For the material below, the expected output is exactly the lines between the line holding "Caramel-colored, press-stud trousers" and the line holding "Čirá, komůrková, čtyřstěnná", inclusive, with pictures left out.

### Supplied records
******************************

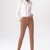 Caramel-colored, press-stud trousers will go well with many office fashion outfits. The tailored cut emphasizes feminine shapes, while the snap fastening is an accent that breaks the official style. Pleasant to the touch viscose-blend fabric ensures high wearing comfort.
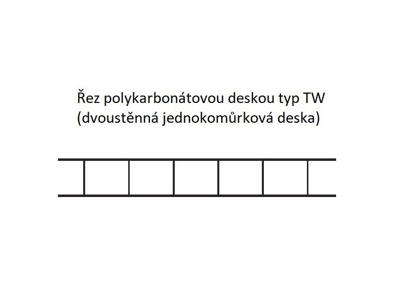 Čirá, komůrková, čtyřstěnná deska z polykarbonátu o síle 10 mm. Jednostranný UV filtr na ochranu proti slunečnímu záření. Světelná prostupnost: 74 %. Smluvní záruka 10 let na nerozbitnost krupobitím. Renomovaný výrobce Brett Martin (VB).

******************************

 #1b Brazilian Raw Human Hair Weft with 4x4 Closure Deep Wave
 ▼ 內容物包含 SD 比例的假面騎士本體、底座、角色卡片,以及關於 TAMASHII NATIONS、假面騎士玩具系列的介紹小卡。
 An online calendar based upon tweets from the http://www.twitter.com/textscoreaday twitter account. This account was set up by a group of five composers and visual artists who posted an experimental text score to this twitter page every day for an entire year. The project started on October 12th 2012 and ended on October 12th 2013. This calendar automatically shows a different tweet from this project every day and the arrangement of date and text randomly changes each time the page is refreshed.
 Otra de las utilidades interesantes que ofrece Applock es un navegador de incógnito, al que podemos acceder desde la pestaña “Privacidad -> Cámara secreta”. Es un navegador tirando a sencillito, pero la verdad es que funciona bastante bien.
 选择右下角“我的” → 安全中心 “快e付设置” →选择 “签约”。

******************************

### Solution
 Caramel-colored, press-stud trousers will go well with many office fashion outfits. The tailored cut emphasizes feminine shapes, while the snap fastening is an accent that breaks the official style. Pleasant to the touch viscose-blend fabric ensures high wearing comfort.
 Čirá, komůrková, čtyřstěnná deska z polykarbonátu o síle 10 mm. Jednostranný UV filtr na ochranu proti slunečnímu záření. Světelná prostupnost: 74 %. Smluvní záruka 10 let na nerozbitnost krupobitím. Renomovaný výrobce Brett Martin (VB).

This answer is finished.